Os artigos apresentados neste número são compostos por textos do fluxo contínuo da Revista Religião & Sociedade. Suas abordagens são variadas, abrangendo diferentes práticas religiosas, territórios e temáticas.

Em alguns destes trabalhos a questão territorial é uma marca importante da análise. O artigo de Darnisson Viana Silva e Rodrigo de Azeredo Grünewald intitulado “Velhas e Novas Crenças: sobre o encontro de religiosidades em uma vila amazônica” analisa a convivência de religiosidades em Alter do Chão (Santarém - PA). Suas reflexões nos levam a pensar sobre as características deste território composto de forma densa por moradores, turistas e viajantes na produção de um cenário particular de formação de fronteiras simbólicas, configurações históricas e “localismos” do campo religioso. Segundo os autores, na “floresta de crenças” de Alter do Chão desenvolvem-se novas maneiras de vivenciar “velhas” e variadas crenças (que envolvem catolicismo, umbanda, novos movimentos religiosos, yoga, dentre outros) com uma notável tendência para o diálogo e complementações religiosas.

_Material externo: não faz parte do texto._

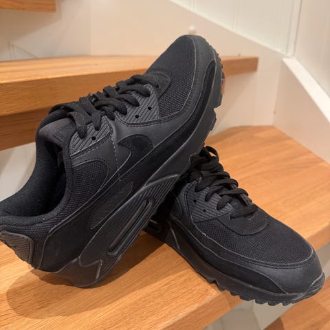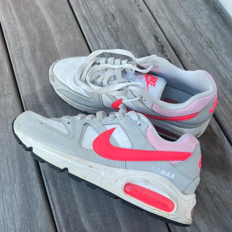 Nike Air Max sneakers i størrelse 45. Joggesko i hovedsak hvit med røde og svarte detaljer, synlig Air Max-demping i hælen og kraftig yttersåle i gummi. Overdel i syntetisk materiale og tekstil, med snøring foran og polstret hælkappe og pløse for økt komfort. Passer som fritidssko og til lett trening.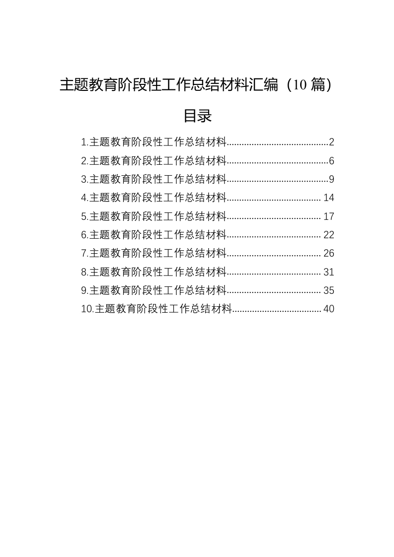 / 主题教育阶段性工作总结材料汇编(10篇)
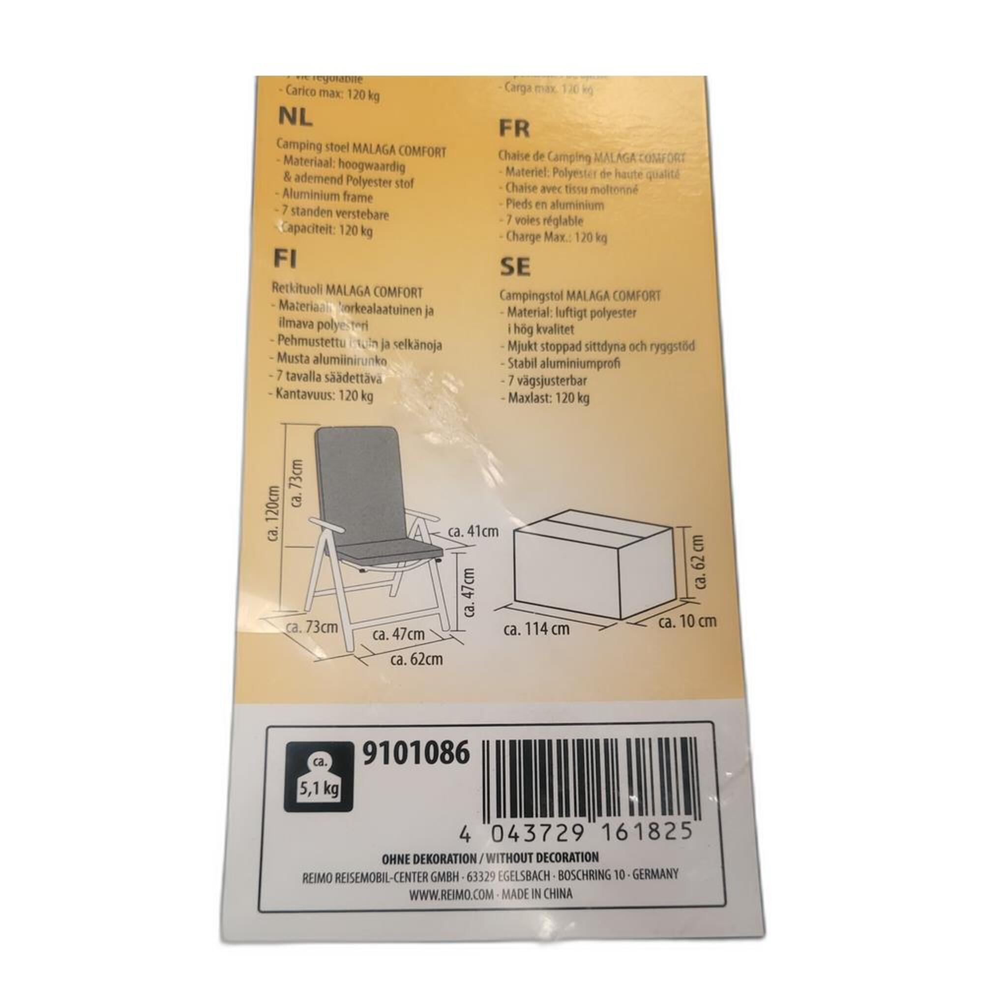 Die Maße des Camp4 Klappstuhls Malaga Comfort betragen 62 x 120 x 73 cm im aufgebauten Zustand, während das Packmaß bei 114 x 62 x 10 cm liegt. Mit einem Gewicht von nur 5,1 kg lässt sich der Stuhl problemlos transportieren und überallhin mitnehmen.

Também no artigo “Guerra de Xangô: ritual, perseguição e conflito na formação do campo religioso afro-sergipano” de Petrônio Domingues, o território de Sergipe é um aspecto de destaque nas questões desenvolvidas no texto. A partir da controvérsia em torno do julgamento de Evaristo José dos Santos em 1939, acusado da morte de Teodomiro, esta associada à “macumba”, Domingues analisa a formação do Xangô sergipano e os estigmas e estereótipos imputados às religiões da diáspora negra naquele território. O autor evidencia como os campos da imprensa, da polícia e da justiça participam da produção deste problema que se inscreve nos debates mais recentes sobre intolerância religiosa, também chamada de racismo religioso, informando, assim, sobre práticas locais e supralocais em diferentes temporalidades..

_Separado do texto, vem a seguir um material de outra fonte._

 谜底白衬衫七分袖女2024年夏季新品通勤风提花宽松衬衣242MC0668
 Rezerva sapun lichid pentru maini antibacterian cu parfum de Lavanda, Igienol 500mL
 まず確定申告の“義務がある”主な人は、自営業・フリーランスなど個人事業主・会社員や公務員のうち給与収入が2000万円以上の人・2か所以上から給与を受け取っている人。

Anna Beatriz Zanine Koslinski e Isabel Cristina Martins Guillen, em seu artigo “Maracatus-Nação e a Espetacularização do Sagrado”, situam sua pesquisa no estado de Pernambuco e a partir deste território apresentam suas questões sobre a “sacralização” dos maracatus-nação. Entendendo “sacralização” como um processo no qual elementos relacionados às religiões de matriz africana são multiplicados e colocados em evidência nas performances dos maracatus-nação em Pernambuco, as autoras discutem os jogos de poder e interesse que produzem e são produzidos por estas práticas, articulando cultura, turismo, religião e mercado.

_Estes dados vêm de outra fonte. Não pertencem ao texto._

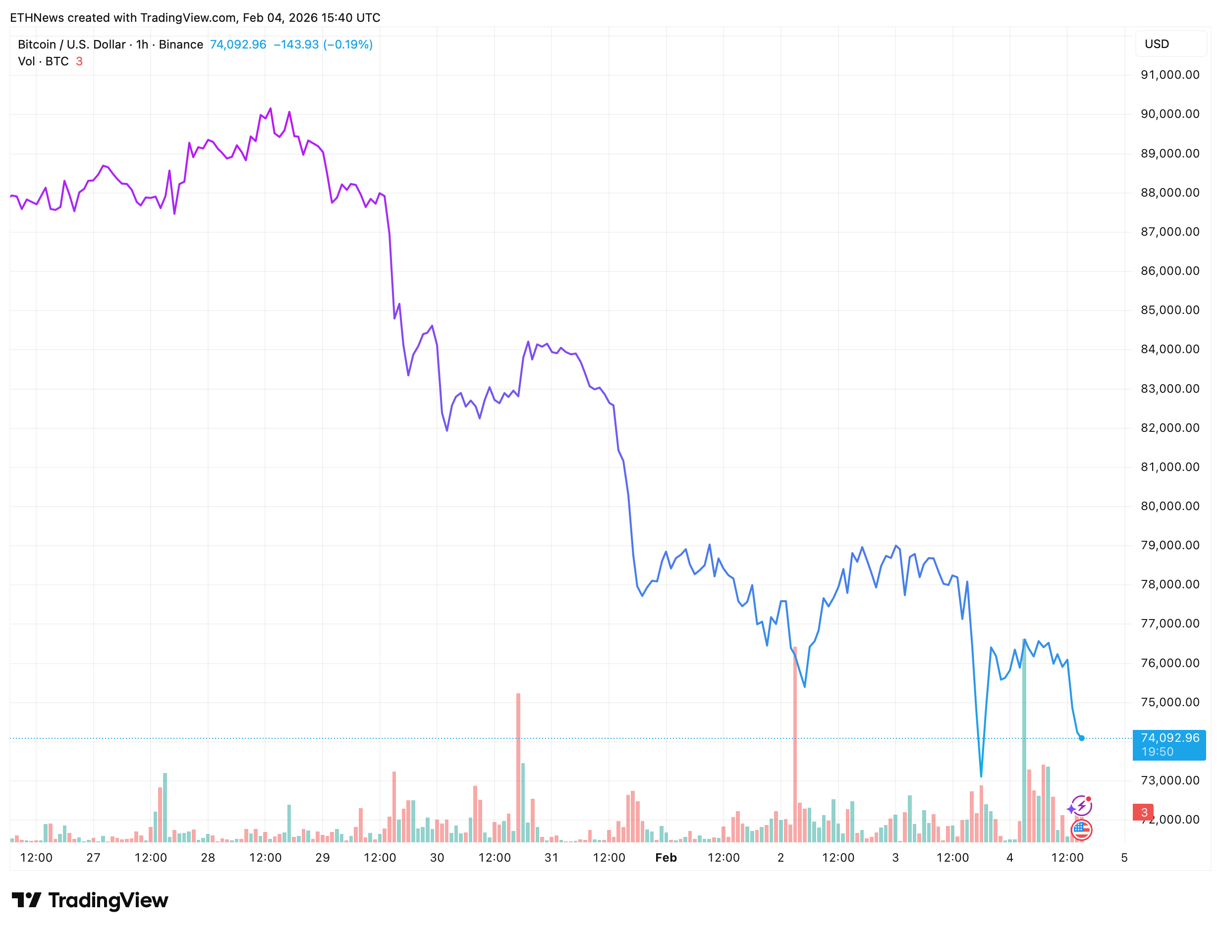 最新跌势将比特币推回74000美元附近,该价位在近期多次减缓跌势。下行过程中成交量有所放大,但未能形成持续跟跌,暗示抛压正在被吸收而非强势延伸。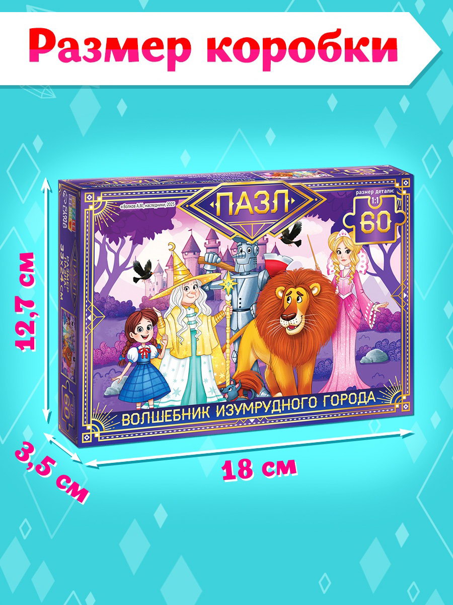 Для кого: Для девочки, Для мальчика, Унисекс Размер упаковки: 3.5 x 13 x 18 см. tnved: 9503007000 Возраст: От 3 лет Длина собранного пазла, см: 33 Особенности: Без особенностей Форма: Прямоугольник Вид: Настольные Тип пазлов: Классические Ширина собранного пазла, см: 23.7 Тематика: Сказки Количество элементов: 60 Этот пазл как возвращение в знакомое приключение. Ребёнок не просто собирает картинку он снова встречается с Элли, Тотошей, Львом, Железным Дровосеком и Страшилой. Каждая деталь шаг к Изумрудному городу, где важно не только добраться, но и понять, что самое ценное это дружба, смелость и сердце. Почему дети выбирают этот пазл: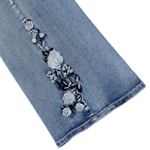 • 【High Waist & Embroidered Detail】: Plus size flare jeans women curvy high-waisted cut smooths midsection and creates an hourglass effect, delicate flower embroidery adds a vintage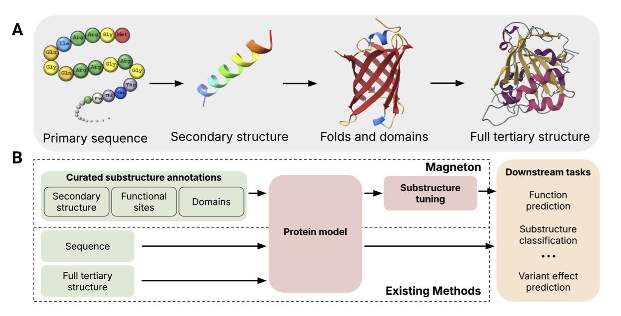 - By explicitly teaching a model to recognize the functional substructures of proteins, researchers achieved a leap in performance for protein language models on function prediction tasks, even outperforming models that rely solely on global structure.

Um segundo conjunto de artigos aqui apresentados têm por temática a questão dos deslocamentos, transformações, trânsitos e a formação de fronteiras a partir da questão da religião e do religioso. O artigo de Norberto Decker com o título “Um debate acerca da formação da secularidade católica brasileira a partir das migrações européias do fim do século XIX” propõe uma reflexão sobre a formação da sociedade brasileira em sua relação com o Catolicismo, considerando a questão das migrações e das tensões por elas produzidas na virada do século XIX para o século XX. A partir do “caso Idalina”, no qual grupos anarquistas denunciaram um padre pelo assassinato de uma menina no Orfanato Cristóvão Colombo em São Paulo, Decker analisa a presença católica no espaço público brasileiro, o modo como esta presença define os rumos das denúncias em torno do caso, e como, a partir destes desdobramentos, pode-se compreender aspectos importantes sobre o modo como catolicismo conseguiu se secularizar no Brasil, com destaque para sua inserção nos campos da educação e da assistência social.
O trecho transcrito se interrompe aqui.